* WHAT TO WORK ON
Only the text belongs in the copy. Transcribe the data exactly and drop any pictures.

* DATASET EXTRACT
◆ ◆ ◆ ◆ ◆
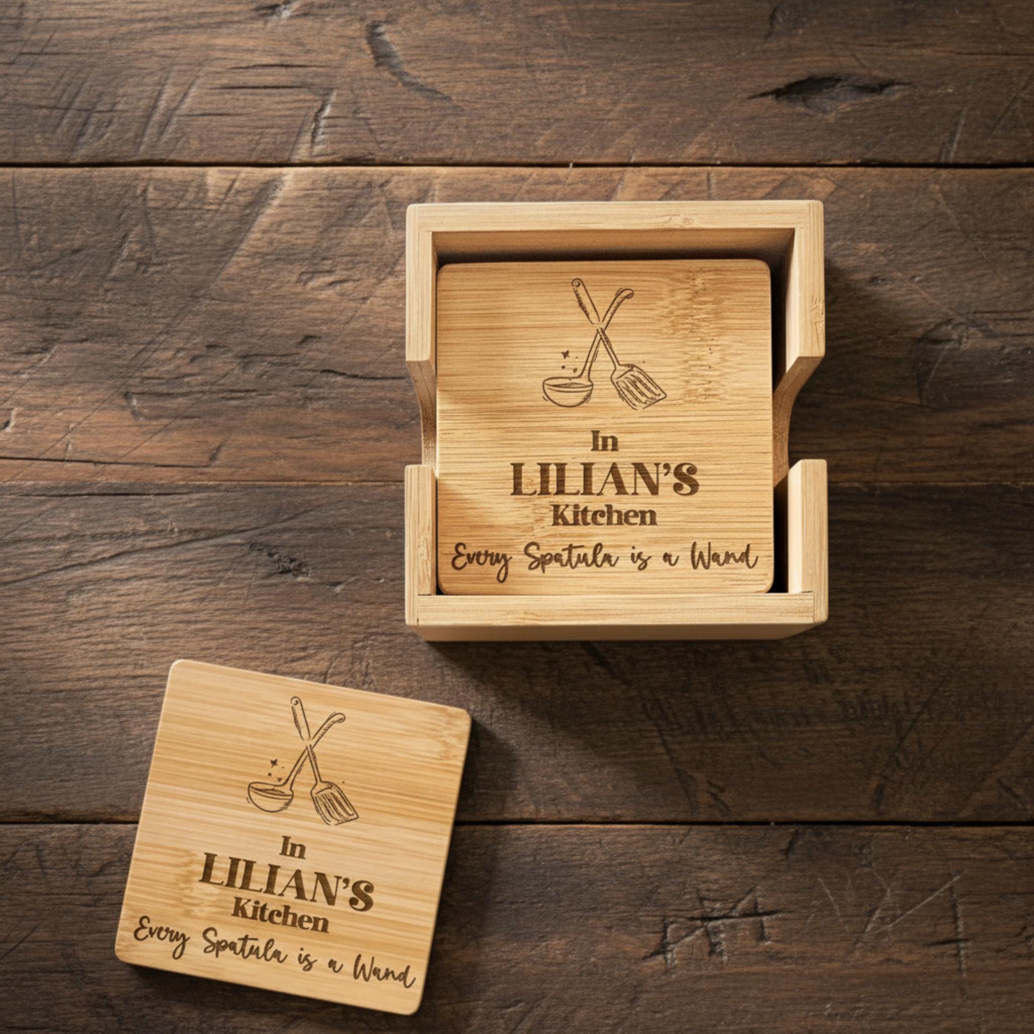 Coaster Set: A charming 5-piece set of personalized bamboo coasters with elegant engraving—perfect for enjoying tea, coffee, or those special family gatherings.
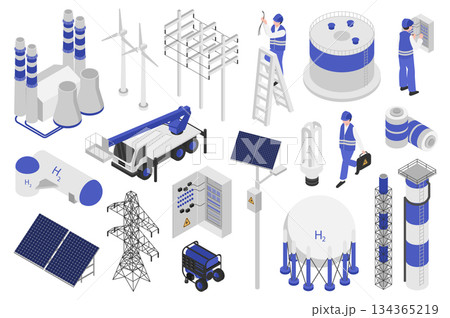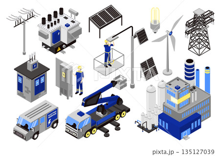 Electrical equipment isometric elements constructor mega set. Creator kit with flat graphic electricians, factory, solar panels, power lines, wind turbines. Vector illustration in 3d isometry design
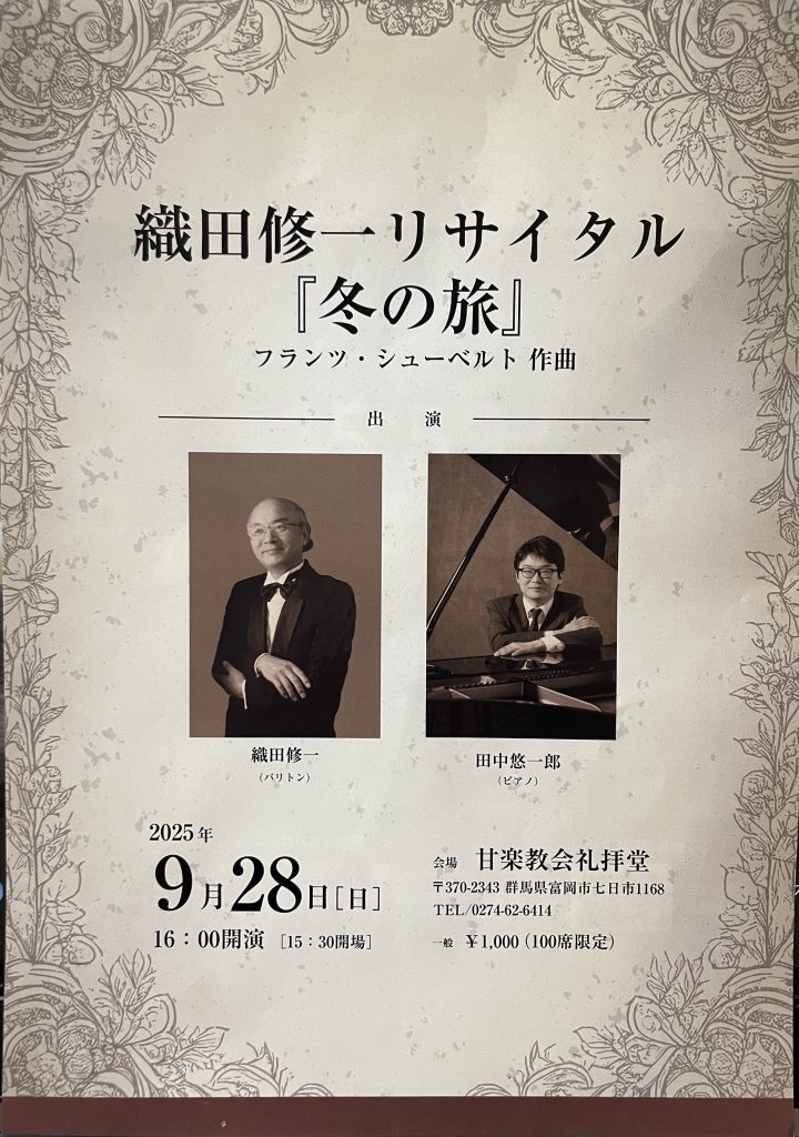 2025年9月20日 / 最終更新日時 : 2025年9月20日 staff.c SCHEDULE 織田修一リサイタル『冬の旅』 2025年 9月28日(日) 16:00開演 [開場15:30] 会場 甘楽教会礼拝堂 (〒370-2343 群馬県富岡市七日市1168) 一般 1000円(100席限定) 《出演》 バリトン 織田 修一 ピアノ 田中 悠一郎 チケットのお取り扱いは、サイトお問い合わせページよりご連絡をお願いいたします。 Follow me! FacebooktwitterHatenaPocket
◆ ◆ ◆ ◆ ◆
* EXERCISE SOLUTION
 Coaster Set: A charming 5-piece set of personalized bamboo coasters with elegant engraving—perfect for enjoying tea, coffee, or those special family gatherings.
 Electrical equipment isometric elements constructor mega set. Creator kit with flat graphic electricians, factory, solar panels, power lines, wind turbines. Vector illustration in 3d isometry design
 2025年9月20日 / 最終更新日時 : 2025年9月20日 staff.c SCHEDULE 織田修一リサイタル『冬の旅』 2025年 9月28日(日) 16:00開演 [開場15:30] 会場 甘楽教会礼拝堂 (〒370-2343 群馬県富岡市七日市1168) 一般 1000円(100席限定) 《出演》 バリトン 織田 修一 ピアノ 田中 悠一郎 チケットのお取り扱いは、サイトお問い合わせページよりご連絡をお願いいたします。 Follow me! FacebooktwitterHatenaPocket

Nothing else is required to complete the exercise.